From e5e4cac323b913e9fcdbd17d6b07316a21f7ff5c Mon Sep 17 00:00:00 2001
From: Paul Amonson <paul.d.amonson@intel.com>
Date: Tue, 19 Mar 2024 13:37:31 -0700
Subject: [PATCH 2/3] [Refactor] Seperated slow, fast, and choose functionality
 into files.

Signed-off-by: Paul Amonson <paul.d.amonson@intel.com>
---
 contrib/intarray/_intbig_gist.c       |   2 +-
 contrib/ltree/_ltree_gist.c           |   2 +-
 contrib/pageinspect/heapfuncs.c       |   4 +-
 contrib/pg_trgm/trgm_gist.c           |   2 +-
 contrib/pg_walinspect/pg_walinspect.c |   2 +-
 src/backend/lib/bloomfilter.c         |   2 +-
 src/backend/postmaster/syslogger.c    |   2 +-
 src/backend/utils/adt/tsgistidx.c     |   2 +-
 src/backend/utils/adt/varbit.c        |   2 +-
 src/backend/utils/adt/varlena.c       |   2 +-
 src/port/Makefile                     |   2 +
 src/port/meson.build                  |   2 +
 src/port/pg_bitutils.c                | 171 +-------------------------
 src/port/pg_popcount_x86_64_accel.c   | 101 +++++++++++++++
 src/port/pg_popcount_x86_64_choose.c  |  98 +++++++++++++++
 15 files changed, 215 insertions(+), 181 deletions(-)
 create mode 100644 src/port/pg_popcount_x86_64_accel.c
 create mode 100644 src/port/pg_popcount_x86_64_choose.c

diff --git a/contrib/intarray/_intbig_gist.c b/contrib/intarray/_intbig_gist.c
index 9699fbf3b4..a12ea7ed9b 100644
--- a/contrib/intarray/_intbig_gist.c
+++ b/contrib/intarray/_intbig_gist.c
@@ -210,7 +210,7 @@ g_intbig_compress(PG_FUNCTION_ARGS)
 static int32
 sizebitvec(BITVECP sign, int siglen)
 {
-	return pg_popcount(sign, siglen);
+	return PG_POPCOUNT(sign, siglen);
 }
 
 static int
diff --git a/contrib/ltree/_ltree_gist.c b/contrib/ltree/_ltree_gist.c
index e89a39a5b5..bd66ec2e65 100644
--- a/contrib/ltree/_ltree_gist.c
+++ b/contrib/ltree/_ltree_gist.c
@@ -180,7 +180,7 @@ _ltree_union(PG_FUNCTION_ARGS)
 static int32
 sizebitvec(BITVECP sign, int siglen)
 {
-	return pg_popcount((const char *) sign, siglen);
+	return PG_POPCOUNT((const char *) sign, siglen);
 }
 
 static int
diff --git a/contrib/pageinspect/heapfuncs.c b/contrib/pageinspect/heapfuncs.c
index 3faeabc711..089842962f 100644
--- a/contrib/pageinspect/heapfuncs.c
+++ b/contrib/pageinspect/heapfuncs.c
@@ -527,8 +527,8 @@ heap_tuple_infomask_flags(PG_FUNCTION_ARGS)

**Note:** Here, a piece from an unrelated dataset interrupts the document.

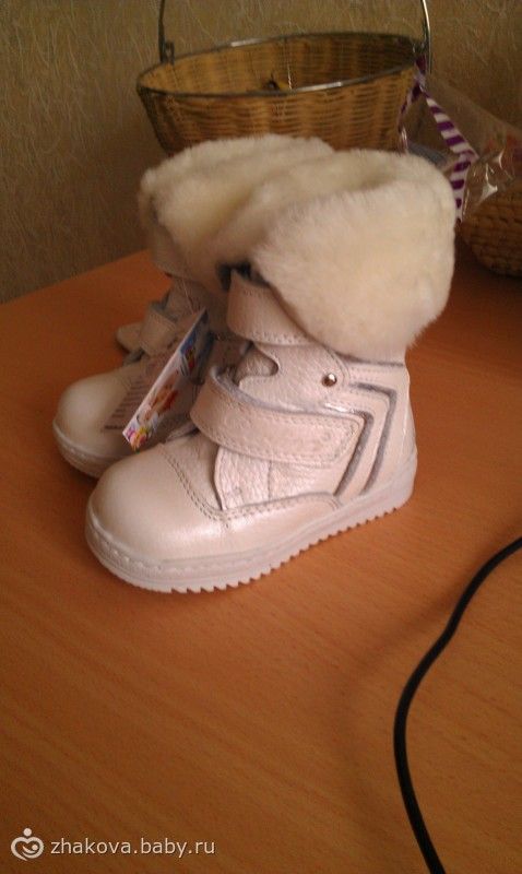 мы купили своей Доче на днях на резиновой подошве, внутри цигейка, снаружи непромокаемая ткань типа незнаю ну в общем все знают какого плана. померили кожаные сапожки зимние, но Доче в них очень тяжело оказалось шагать. Так что выбор пал на эти сапожки, главное что внутри цигейка натуральная и ребенку не тяжело в них ходить! отдали 1,500 руб.
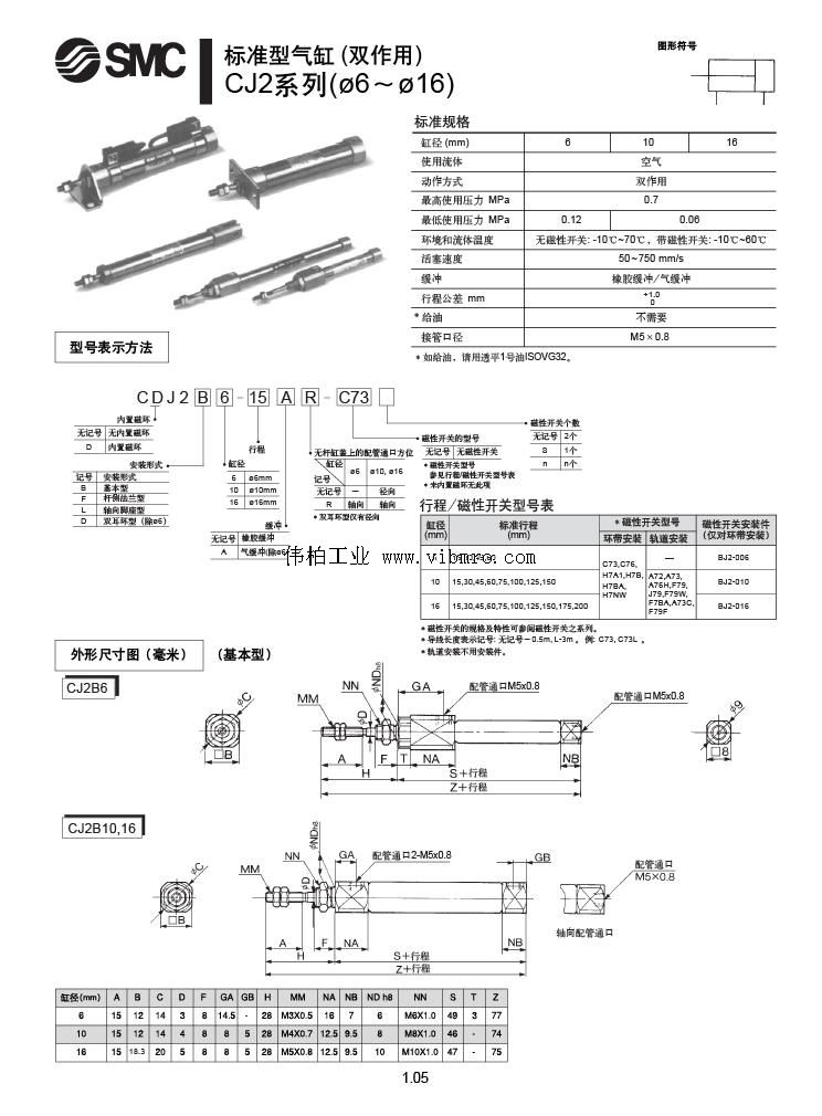 SMC标准气缸(圆形)CJ2系列CJ2B10-~)

 	if (get_call_result_type(fcinfo, NULL, &tupdesc) != TYPEFUNC_COMPOSITE)
 		elog(ERROR, "return type must be a row type");
 
-	bitcnt = pg_popcount((const char *) &t_infomask, sizeof(uint16)) +
-		pg_popcount((const char *) &t_infomask2, sizeof(uint16));
+	bitcnt = PG_POPCOUNT((const char *) &t_infomask, sizeof(uint16)) +
+		PG_POPCOUNT((const char *) &t_infomask2, sizeof(uint16));
 
 	/* If no flags, return a set of empty arrays */
 	if (bitcnt <= 0)
diff --git a/contrib/pg_trgm/trgm_gist.c b/contrib/pg_trgm/trgm_gist.c
index 9ef2e38560..850316196f 100644
--- a/contrib/pg_trgm/trgm_gist.c
+++ b/contrib/pg_trgm/trgm_gist.c
@@ -648,7 +648,7 @@ gtrgm_same(PG_FUNCTION_ARGS)
 static int32
 sizebitvec(BITVECP sign, int siglen)
 {
-	return pg_popcount(sign, siglen);
+	return PG_POPCOUNT(sign, siglen);
 }
 
 static int
diff --git a/contrib/pg_walinspect/pg_walinspect.c b/contrib/pg_walinspect/pg_walinspect.c
index ee2918726d..93a7b4842a 100644
--- a/contrib/pg_walinspect/pg_walinspect.c
+++ b/contrib/pg_walinspect/pg_walinspect.c
@@ -303,7 +303,7 @@ GetWALBlockInfo(FunctionCallInfo fcinfo, XLogReaderState *record,
 			block_fpi_len = blk->bimg_len;
 
 			/* Construct and save block_fpi_info */
-			bitcnt = pg_popcount((const char *) &blk->bimg_info,
+			bitcnt = PG_POPCOUNT((const char *) &blk->bimg_info,
 								 sizeof(uint8));
 			flags = (Datum *) palloc0(sizeof(Datum) * bitcnt);
 			if ((blk->bimg_info & BKPIMAGE_HAS_HOLE) != 0)
diff --git a/src/backend/lib/bloomfilter.c b/src/backend/lib/bloomfilter.c
index 360d21ca45..c01b069c01 100644
--- a/src/backend/lib/bloomfilter.c
+++ b/src/backend/lib/bloomfilter.c
@@ -187,7 +187,7 @@ double
 bloom_prop_bits_set(bloom_filter *filter)
 {
 	int			bitset_bytes = filter->m / BITS_PER_BYTE;
-	uint64		bits_set = pg_popcount((char *) filter->bitset, bitset_bytes);
+	uint64		bits_set = PG_POPCOUNT((char *) filter->bitset, bitset_bytes);
 
 	return bits_set / (double) filter->m;
 }
diff --git a/src/backend/postmaster/syslogger.c b/src/backend/postmaster/syslogger.c
index 08efe74cc9..85c57b3154 100644
--- a/src/backend/postmaster/syslogger.c
+++ b/src/backend/postmaster/syslogger.c
@@ -898,7 +898,7 @@ process_pipe_input(char *logbuffer, int *bytes_in_logbuffer)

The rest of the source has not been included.